5. Training. Training must go from "second best" to the very top of the heap. The training boss should sit next door to the CEO. Training courses should unfailingly make you gasp at their quality.

6. People development. Priority #1 is no less than a ... MORAL OBLIGATION ... to let nothing get in the way of helping our people—each and every one—grow and prosper and achieve beyond their wildest dreams. (Hint: You'll make a lot of money along the way.)

7. 1st-line leaders. It's simple (though rare): The #1 variable determining enterprise productivity is the quality of the full cadre of 1st-line leaders. (Recruit 'em and train 'em accordingly.)

8. Get aboard the "S-train" or else. SM/Social Media. SE/Social Employees. SO/Social Organization. (ALL HANDS.) SB/Social Business. Cacophonous engagement of one—AND ALL—with every aspect of the enterprise, inside and out, is determining the difference between winners and losers.

9. The "sharing economy." Sharing pays!

10. The "hang out factor." Little or nothing is more important than MANAGING your "Hang Out Portfolio"!

11. Civility. Civility allows you to sleep at night. Civility is a STUNNING competitive advantage.

12. "EXCELLENT" Meetings. Meetings are what bosses "do." Meetings are de facto Leadership Opportunity #1. Act accordingly.

Twitter Collection

Beginning on November 21 and into December 2013, Tom used his Twitter feed to post several long series of tweets, many of which were re-tweeted extensively. He collected the lists he'd created and assembled a collection that covers these topics: change agents and how to effect change, doing good work, starting the work week with MBWA, ending the work week with "Thank yous," the importance of training/development, one page on Leadership 2014, the impact of Social Media, and the importance of 1st-line managers. [14 Jan: Now 35 parts!] It's presented here in PDF form for your convenience. Please download it, share it, use it!

The "S-Train"/Twitter

The "S train": SM/Social Media. SE/Social Employees. SO/Social Organization. SB/Social Business. Any way you look at it, it's a revolution.

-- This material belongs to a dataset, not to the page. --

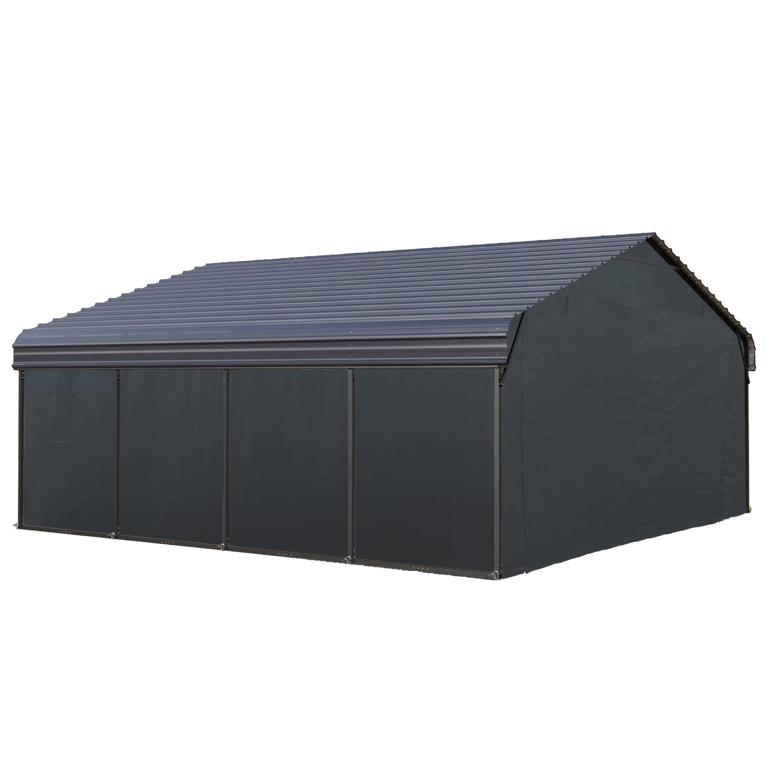 PHI VILLA 20 x 20 ft Carport 2 car Metal Carports with Galvanized Steel Roof with Sidewalls Enclosure Kit, Sturdy Heavy Duty Metal Carport for Cars, Boats, and Tractors

It is axiomatic: SM/Social Media is wasted (almost a "total waste"?) without SE/Social Employees & SO/Social Organization.

Can you have "social hot spots" in organization & play the Social Business Game? I mostly don't think so. Pretty close to "all or nothing."

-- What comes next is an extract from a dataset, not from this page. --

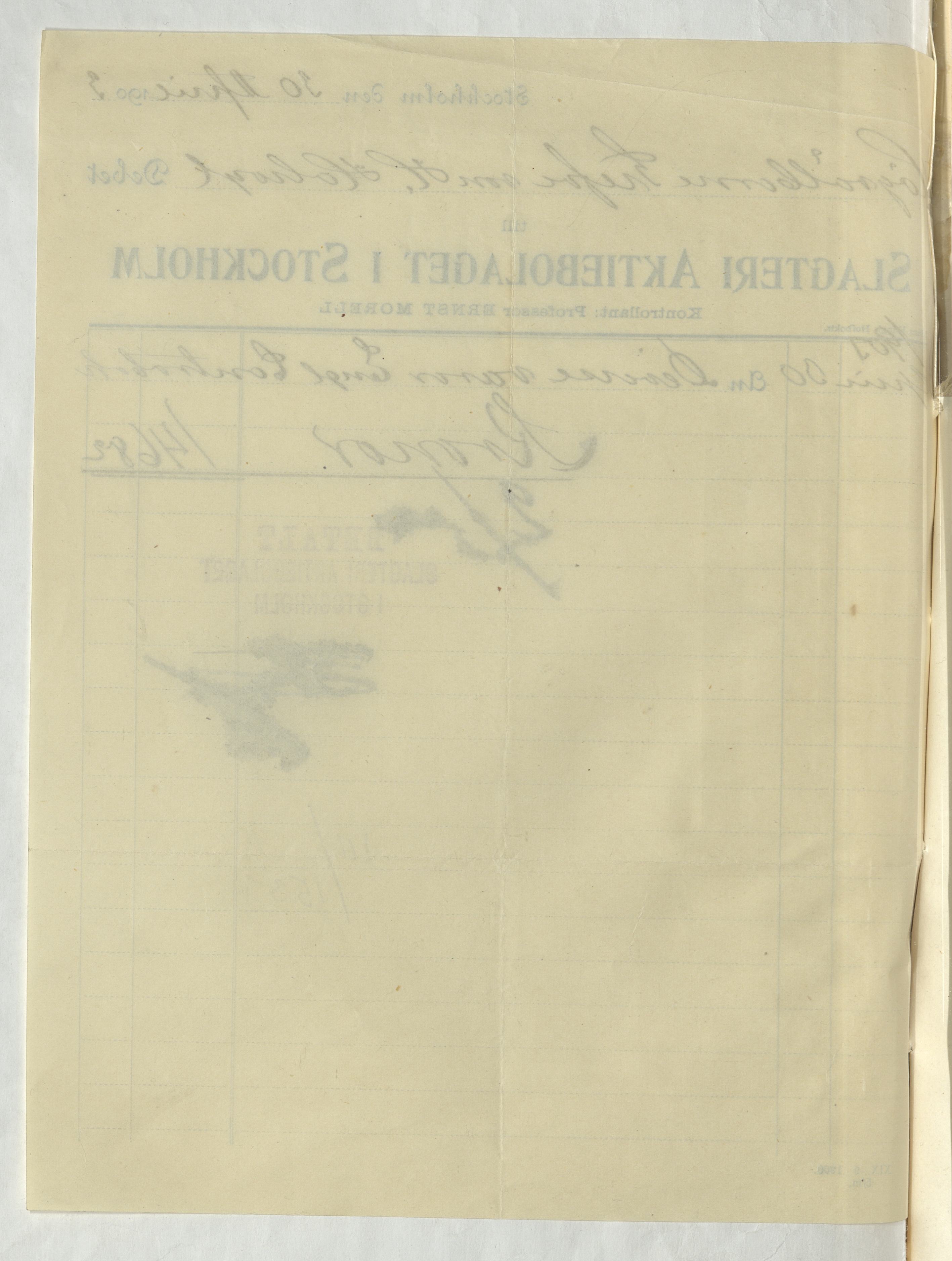 Kvitto från Slagteri Aktiebolaget i Stockholm

Can you have a "social business" if the CEO doesn't play? I border on saying/believing "No way."

The CEO should almost exclusively focus on creating/maintaining/adjusting the culture. SM/SE/SO/SB is a "culture play," pure and simple.

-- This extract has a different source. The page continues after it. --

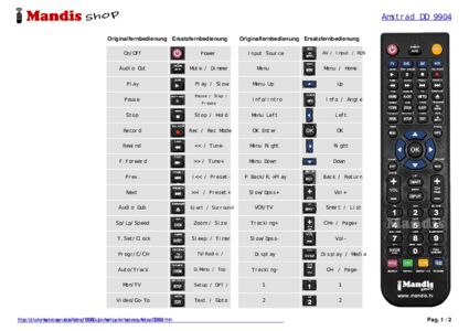 Ein Dokument ist enthalten, um die Verwendung der neuen Fernbedienung zu erleichtern, indem es die Tastenbelegung zeigt.

I'd say she/he doesn't have to be an expert, but he/she must be clearly seen as "getting off" on the emerging game. Agree?

In most cases someone/s from somewhere/s [often remote] must demo the process/outcome/small successes for the CEO/top team. They rarely initiate. (I'll stand my ground on that.)

The whole point of an effective Social Business is that everyone plays. Marketing is the least of it. (Yes, I said "LEAST of it.")

EVERY function plays a crucial role. It is the interaction
per se that is the value added proposition.

The power of the "social" is aborted if several bits/functions de facto or de jure opt out.

HR by definition is [should be!] at the center of the vortex if truly want everyone to play the Great Social Game.

Can there be vigorous tension/disagreement w/in a committed Social Organization? Not only "Yes" but "Damn well better be." That's Value Add.